Other factors besides biomechanics may contribute to differences in bone vascularity between bat and bird humeri. As conduits for blood vessels (Ross & Pawlina, 2011), vascular canals may promote molecular exchange (Seymour et al., 2012). Therefore, we expect bone vascular patterns to correlate directly with physiological factors that depend on molecular exchange. Two such factors that have received attention are somatic rates of active (field) metabolism (e.g., Seymour et al., 2012) and growth (e.g., Amprino, 1947; de Margerie, Cubo & Castanet, 2002; Williams et al., 2004). To test which of these two factors may account for differences in bone vascularity, we look for corresponding differences in chiropteran and avian scaling of field metabolic rate and somatic maximum growth rate. By disentangling mechanical, metabolic, and growth-related influences on the histology of bat and bird humeri, we gain insight into the factors that govern skeletal variation in flying vertebrates more generally.
Materials & Methods
Sampling and histology
We collected humeri from six extant chiropteran taxa (Table 1). The sampled taxa represent both major clades of bats (Teeling et al., 2005; Hutcheon & Kirsch, 2006; Tsagkogeorga et al., 2013), Yangochiroptera (Vespertilioniformes) and Yinpterochiroptera (Pteropodiformes) and span three orders of magnitude in body mass (6–1,000 g), representing nearly the entire size range found in bats (Norberg & Norberg, 2012). Whereas the sampled bats vary in specific feeding behaviors (e.g., insectivore, frugivore, piscivore, nectarivore), they have relatively similar wing shapes (aspect ratios ≈6–9: Norberg & Rayner, 1987). We also sampled several avian taxa with broad wing shape similar to the bats as part of our ongoing studies on wing bone laminarity and include some of those data here for comparison (Table 1). To minimize the confounding effects of ontogeny on bone histology (e.g., Padian, 2013), only skeletally mature specimens were sampled. Prior to histological sampling, length of each humerus was measured (Table 1), and three-dimensional replicas were produced by molding and casting (Lamm, 2013).
|Rhinolophus lepidus||pers. coll.
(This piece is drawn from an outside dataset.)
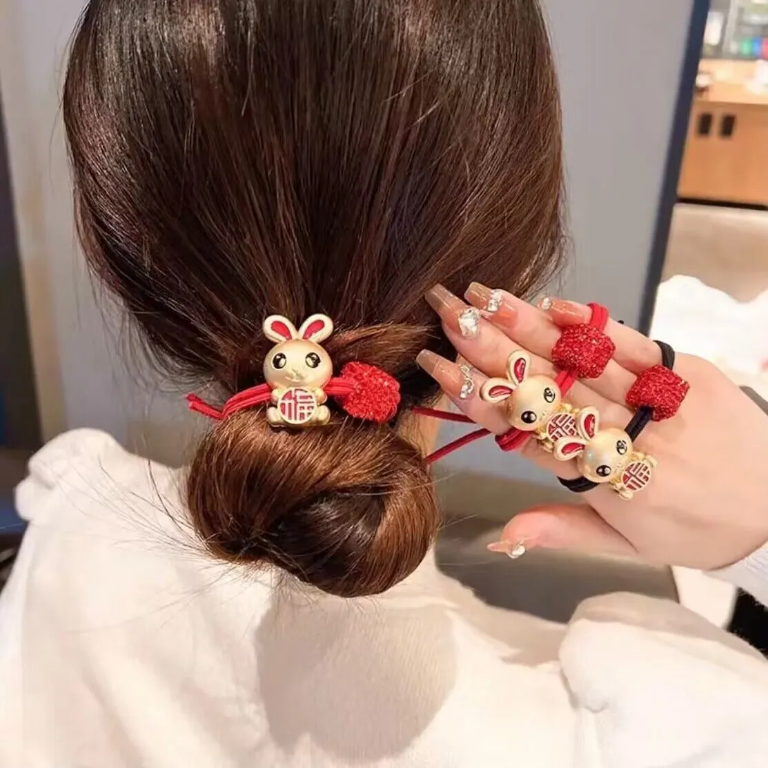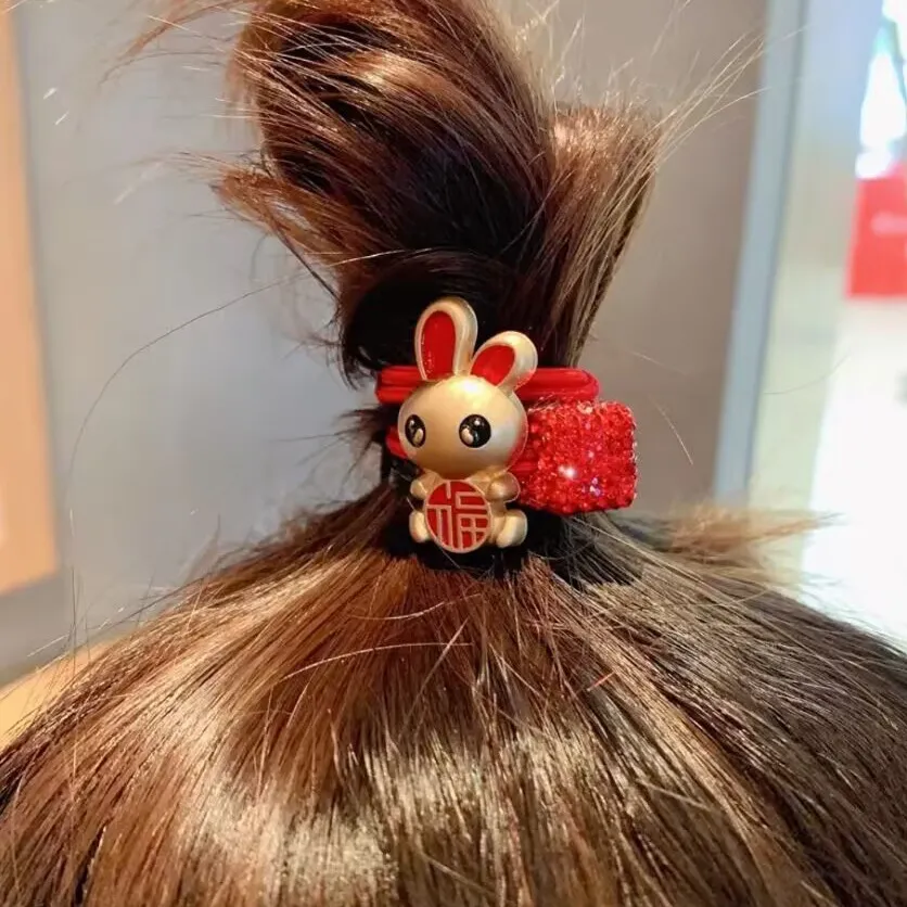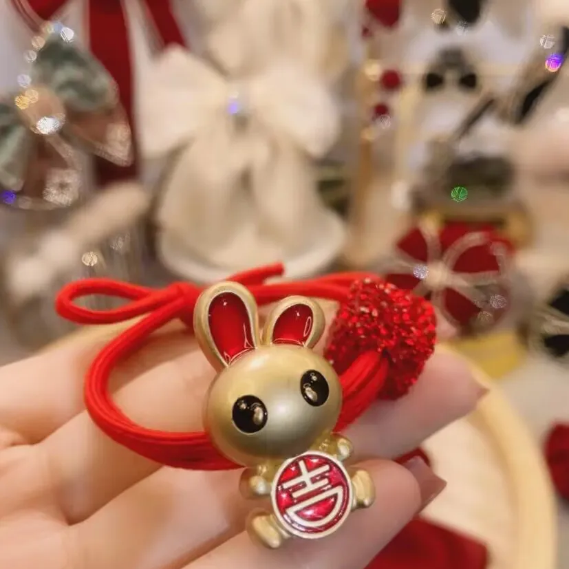 衣都精品- 2022冬季新款新年氛圍飄帶兔子髮夾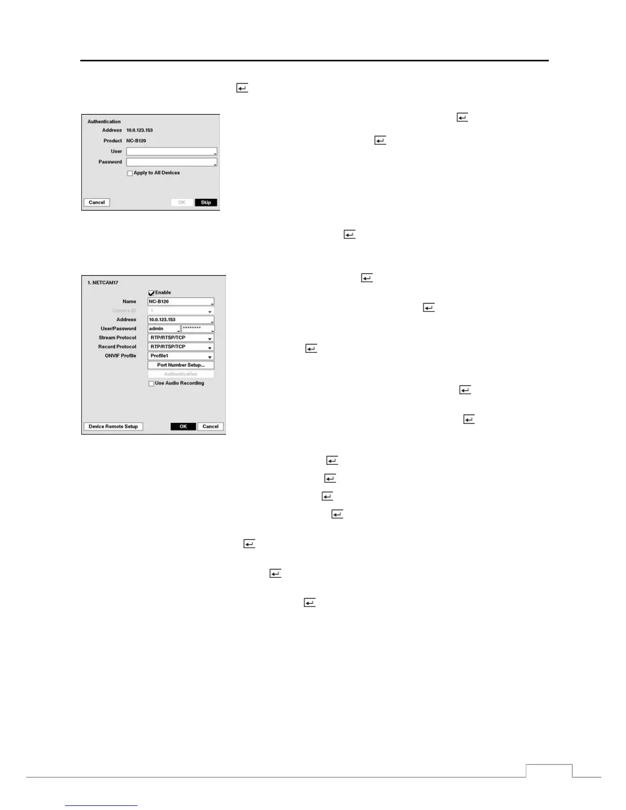 screen appears. Setting up the Authentication is required to register the network device to the DVR.

H1-2||6||24||0||0.163|
|Macrotus californicus||UA 3767 H1-2||12||28||0||0.284|
|Myotis myotis||(Meier et al., 2013)||29||33||n/a||0.435|
|Phyllostomus discolor||UA 16197 H1-1||34||35||0||0.921|
|Noctilio leporinus||UA 15743 H1-2||61||42||0||2.426|
|Rousettus leschenaultii||pers. coll. H1-2||108||54||0||3.312|
|Pteropus vampyrus||pers. coll. H1-2||1024||129||0||30.586|
|Oceanodroma tethys||NMNH 614194||23||28||n/a||0.627|
|Oceanites oceanicus||CMNH 7752||29||22||n/a||0.790|
|Phalaenoptilus nuttallii||MWU 264 H1-1||48||32||0.259 (0.082)||1.156|
|Bulweria bulwerii||NMNH 556263||99||59||n/a||2.265|
|Nothura darwinii||UF 22260 H1-2||274||43||0.316 (0.055)||4.762|
|Crypturellus boucardi||UF 44840 H1-1||418||48||0.211 (0.057)||10.238|
|Crypturellus cinnamomeus||UA 8699 H2-1||422||50||0.388 (0.047)||12.156|
|Columba livia||MWU 256 H1-2||455a||49||0.063 (0.024)||11.801|
|Nothoprocta cinerascens||UF 38951 H1-2||480a||59||0.462 (0.048)||12.921|
|Calonectris diomedea||OUVC 10438||535||125||0.070||28.887|
|Nothocercus nigrocapillus||UF 43432 H1-2||605a||60||0.115 (0.037)||11.896|
|Eudromia elegans||UF 22257 H1-1||680||62||0.578 (0.052)||14.756|
|Tinamus major||UF 44828 H1-2||960||73||0.316 (0.044)||34.868|
|Buteo jamaicensis||OUVC 10506||1126||109||0.703||50.879|
|Anhinga anhinga||OUVC 10432||1235||126||0.233||39.635|
|Phalacrocorax auritus||OUVC 10482||1960||144||0.390||39.449|
|Cathartes aura||OUVC 9648||2006||160||0.376||121.185|
|Pelecanus occidentalis||OUVC 10484||3438||273||0.478||163.645|
Carnegie Museum of Natural History
Smithsonian Institution National Museum of Natural History
Ohio University Vertebrate Collections
University of Arizona
Florida Museum of Natural History
A mid-diaphyseal block was removed from each humerus using a rotary tool (Dremel 4000; Dremel, Mt. Prospect, Illinois, USA). The following steps are summarized in Table S1. Blocks of bone were fixed under vacuum in 10% neutral buffered formalin. After fixation, the blocks were successively dehydrated using 70%, 85%, and 100% ethanol under vacuum. The blocks were cleared under vacuum with a xylene-substitute (Histo-Clear; National Diagnostics, Atlanta, Georgia, USA). Infiltration of the blocks was performed by vacuum-impregnation in a series of methyl methacrylate (MMA) resins (Osteo-Bed, Polysciences Inc., Warrington, Pennsylvannia, USA). To complete embedding, each bone block was transferred to an air-tight glass vial filled with MMA. Vials were placed in a bead bath set to 32 °C and allowed 48 h to fully harden.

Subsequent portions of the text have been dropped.